Many therapists have noticed similarities between hypnotic psychology and interpersonal problems. In particular, the state of focused awareness is not only a feature of hypnosis, but also a feature of disease. The evidence is abundant: brooding and rumination in depression, fixation and avoidance of fear in anxiety, and recurring arguments in relationships. Therefore, the behavior and feelings in therapeutic hypnosis are what we need to think about and understand. What kind of hypnotic phenomenon appears when treatment is successful? Just as emotional and interpersonal disorders can present special hypnotic phenomena.
Dr. Brent B. Geary proposes a system in which hypnotic phenomena associated with the maintenance of existing problems can be evaluated and utilized. From this point of view, the hypnotic phenomenon is regarded as existing in the continuity of experience.
Different hypnotic phenomena represent the most extreme of these continuities.
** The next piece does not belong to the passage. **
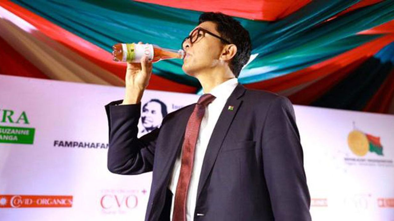 Rajoelina, Madagaskar Uygulamalı Araştırma Enstitüsü'nün geliştirdiği ve sıtma tedavisinde kullanılmasıyla bilinen artemisia bitkisi ve ülkedeki birçok "şifalı otun" karışımından oluşan "Covid Organics" adını verdikleri ilacın tanıtımını yaptı. Bitkisel çayın yedi gün içinde sonuç verdiğini belirten Rajolina, "Bugün bu ilacın iyileştirdiğini, ve öldürmediğini göstermek için önünüzde deneyeceğim" diyerek ilacı içti.

However, not all hypnotic phenomena have opposite opposite hypnotic phenomena. In these cases, the other side of the hypnotic phenomenon is appropriately added to the corresponding phenomenon (e.g., hypersensitivity, elasticity/movement, bonding). This system will symbolically use the actions and feelings relative to individual hypnotic phenomena; Positive hallucinations, for example, are the creation of nonexistent sensory experiences, and fantasies of jealous delusions can be metaphorically considered positive hallucinations. Clearly, positive hallucinations do not meet the strict psychiatric definition. Therefore, the definition of hypnosis needs to be “unbound” so that these categories can have clinical effect and bring new inspirations for thinking through the symbolic view of hypnosis. Patients tend to be stuck, angry (hypersensitivity), anxious (age progression), and unable to access the resources (dissociation) that will help them achieve their life goals.
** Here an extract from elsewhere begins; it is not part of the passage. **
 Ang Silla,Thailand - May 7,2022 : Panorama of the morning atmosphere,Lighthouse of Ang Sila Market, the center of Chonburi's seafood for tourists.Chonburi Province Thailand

Any problem involves a variety of hypnotic phenomena, and in clinical use therapists will choose those that have the potential to change when they intervene in the target. Sometimes the specific phenomenon of the problem is used in the same way; For example, patients with jealous delusions may be encouraged to continue having positive hallucinations, but to adjust for more positive situations. In other cases, complementarity of problem phenomena can be used to change symptoms; For example, treating depressed people who are withdrawn and not angry might consider using action-oriented metaphors to encourage them to move. In this way, the assessment of hypnotic phenomena is combined with good use at the beginning of the treatment.